O homem comprido tirou uma faca da cintura e correu para cima de Enrico, ele se esquivou do primeiro golpe, mas segundo, acertou o seu braço esquerdo. Segurando a cabeça do seu rival, chocou o rosto dele contra o joelho e o jogou no chão, a faca caiu longe.
Enrico estava pronto para executá-lo, quando foi surpreendido por uma pancada violenta contra a sua cabeça. Sentiu a visão turva e o corpo pesado, mas sabia que se caísse ali seria o seu fim. Reunindo as poucas forças que tinha, ele cambaleou até um muro baixo que havia ali e pulou com dificuldade.
Do outro lado, o cão que guardava a propriedade rosnou ferozmente ao ver o homem invadir o local, Enrico correu o mais rápido que pôde e, em um último esforço, escalou o portão para o outro lado.
Ao pisar na calçada, conseguiu ainda dar alguns passos até que sua visão escureceu por completo e ele tombou inconsciente no chão molhado pela chuva.
Flashes dos momentos de sua infância pareciam bem claros em sua memória. Havia um lindo sorriso no rosto de sua mãe quando ela o acordava pela manhã para ir à escola. Fazia tempo que não sonhava com a imagem terna e bela.
As pálpebras abriram lentamente e se fecharam.

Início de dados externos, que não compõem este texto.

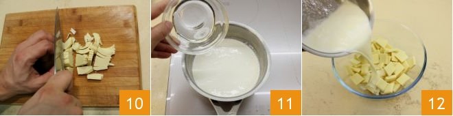 Coarsely chop the chocolate 10 and place it in a bowl, then pour the cream into a saucepan and add the glucose 11, stir and bring to a near boil. Pour the cream over the white chocolate 12 and stir to melt it, then add the well-squeezed gelatin sheets and stir to dissolve completely.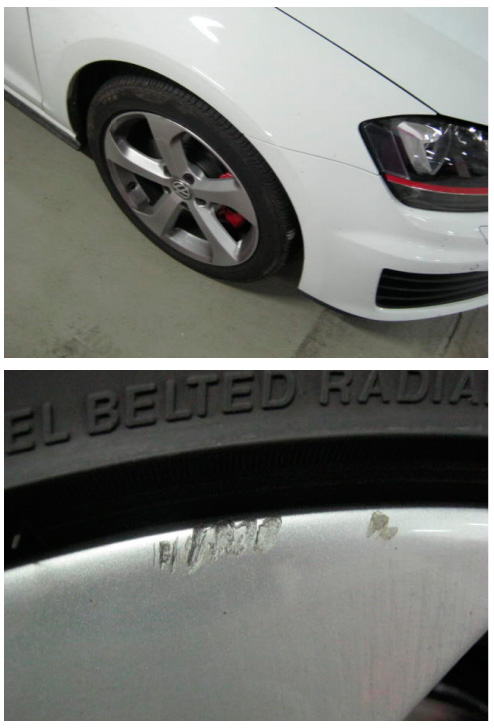 Как и в любом другом крупном аэропорту, приемку осуществляет третья фирма. При осмотре Гольфа обнаружилась вот такая царапина на диске.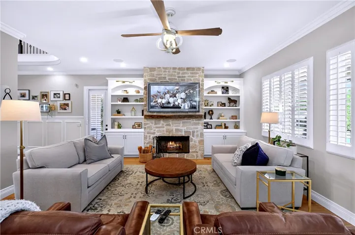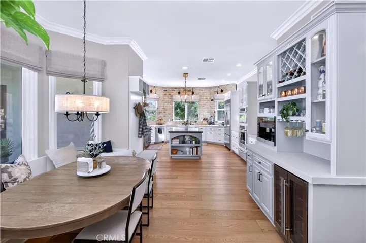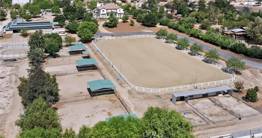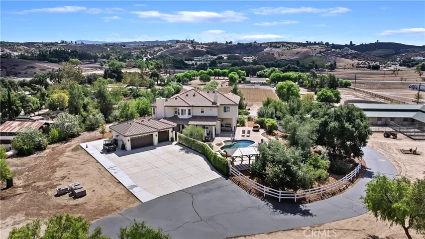 Welcome to Fallen Oak Ranch—an extraordinary equestrian estate perfectly situated in Temecula’s Wine Country, just minutes from award-winning wineries, restaurants, & shopping. The custom-built main residence blends rustic charm with modern sophistication. The designer chef’s kitchen is a showpiece with exposed brick walls, sleek quartz counters, a rich wood-topped island with built-in storage, farmhouse sink, & top-of-the-line stainless appliances including a professional-grade range & oversized refrigerator. Gold hardware, custom cabinetry, & designer lighting create a warm yet refined atmosphere—ideal for entertaining or everyday living. The formal dining room is timeless & inviting with custom wainscoting, soft wallpaper, exposed beams, & a statement chandelier. Natural light pours through plantation shutters onto warm wood floors & a built-in buffet with open shelving—perfect for elegant dinners or festive gatherings. The family room offers relaxed sophistication with a stone fireplace, custom built-ins, & natural light. Plantation shutters, crown molding, & wood floors complete the picture, creating a space that’s both stylish & comfortable.
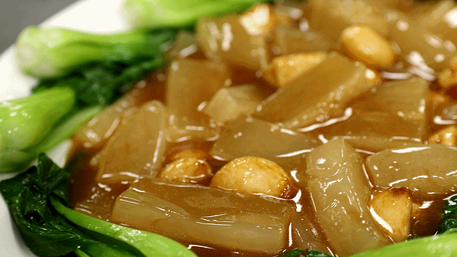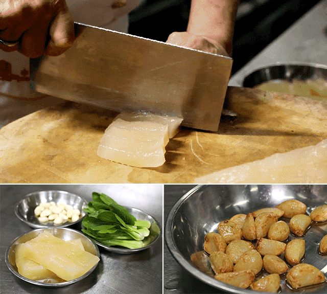 食材说来简单,不过三样,但却也讲究。鱼皮选用金钱鲨鱼皮,肉净、质厚,略带透明状,烹制前需纯手工古法涨发。蒜则选用紫皮大蒜,蒜瓣均匀,口感更辛辣浓郁。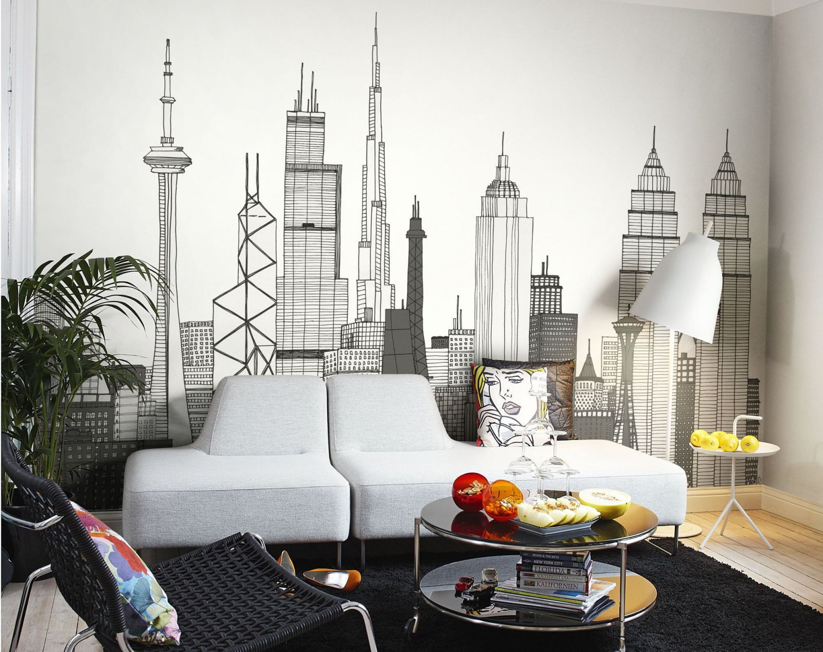Wallpaper with the city on the wall, with its colorful landscapes, make the interior interesting and non-trivial, change the atmosphere in it and bring new notes to the design of the room.

Apesar da visão turva, ele vislumbrou a mulher de cabelos molhados, ela tinha uma aparência que recordava a mãe de Enrico.
— Mamãe — Enrico sussurrou.
— Não se mexa, — a médica ordenou enquanto o homem ferido delirava, — vou cuidar de você!
Lívia arrancou a manga de sua camisa branca e enrolou no braço ensanguentado do homem desconhecido antes de arratá-lo para o carro.
Pelas ruas molhadas, ela estava dirigindo em alta velocidade para socorrer o homem que permanecia inconsciente no banco de trás do veículo. A médica freou bruscamente em frente ao hospital. Seria complicado carregar aquele homem alto e musculoso até uma das salas com materiais de suturas. Pelo inchaço que se formou na cabeça dele, provavelmente, ele teve uma concussão.
Após tirá-lo do carro, ela o arrastou até uma maca com certa dificuldade e conseguiu levá-lo até a sala onde encontraria o material necessário para cuidar daqueles ferimentos. Por um instante, julgou a si mesma por estar sozinha ajudando um homem que nem conhecia.
— O juramento de Hipócrates! — Lembrou-se de sua promessa no dia da cerimônia de formatura. — Cumprir segundo meu poder e minha razão.
Ela respirou profundamente, pegou a tesoura e logo rasgou a manga do blazer para examinar melhor o ferimento no braço ensanguentado.
— Ferimento de facada! — murmurou para si mesma.
Lívia deu início ao procedimento de sutura após a limpeza do ferimento e aplicação de anestesia local. Passou o quinto, e último, fio de seda e então fechou antes de dar o nó. Examinou o inchaço na testa de Enrico, ele fez um muxoxo quando ela pressionou os dedos sobre o hematoma. Precisaria fazer uma tomografia e limpar o pequeno corte no supercílio. Toda aquela agitação a fez lembrar da época em que exercia o trabalho braçal, durante a residência no hospital da Francês.